単語を覚えるのも難しいが、アウトプットが更に難しい。そして、発音が正しいかも気にしていたら、何にも話せない。


ジュノは日本語の歌詞で歌を歌い、韓国人が苦手な「ザ行」の音も綺麗に発音できている。人気の裏では凄い努力をしているのだろう。



黙っている訳にもいかず、頭をフル回転させ、


「어디에 가고 싶어요? オディエカゴシッポヨ どこへ行きたいですか?」


がやっと出てきた。そして、通じたようでやっと行き先がわかり、その地下鉄の駅への行き方を説明しようとしたが説明しきれず、結局、


「같이 가요.カチカヨ 一緒に行きます。」


と、言うと喜んでくれて、地下鉄の駅まで案内した。

途中、韓国人は早口で話し掛けてきたが聞き取れず、私は今こそ実践の場と下手クソな発音で「旅行ですか」「ソウルから来ましたか?」「韓国語を勉強してます」等と韓国語と日本語混じりで話し掛けた。

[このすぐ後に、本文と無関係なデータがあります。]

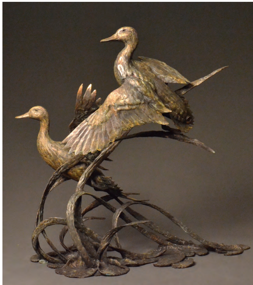
Stefan Savides, Pins and Curls , bronze ed. of 16, 33 x 33 x 25 ½ inches, $12,000

そして、夕方で自宅へと向かう通勤帰りの人で混雑している中、駅に近づくと突然、韓国人はとても大きな声で


「おはようございます!」


と、言って韓国への愛が強過ぎる私をヤバイ奴とでも思ったのか、改札口に向かって走り去って行った。


急に間違えたお礼の言葉を大声で言われ、置き去りにされた私は大勢の人の中で恥ずかしくなった。


せめて

「감사합니다カムサハムニダはありがとうごさいますだよ」と教えたかった。


旅の恥はかき捨て。


私も海外に行った時、同じことをしているんだろうな。






誤字脱字、拙い文章お許し下さい。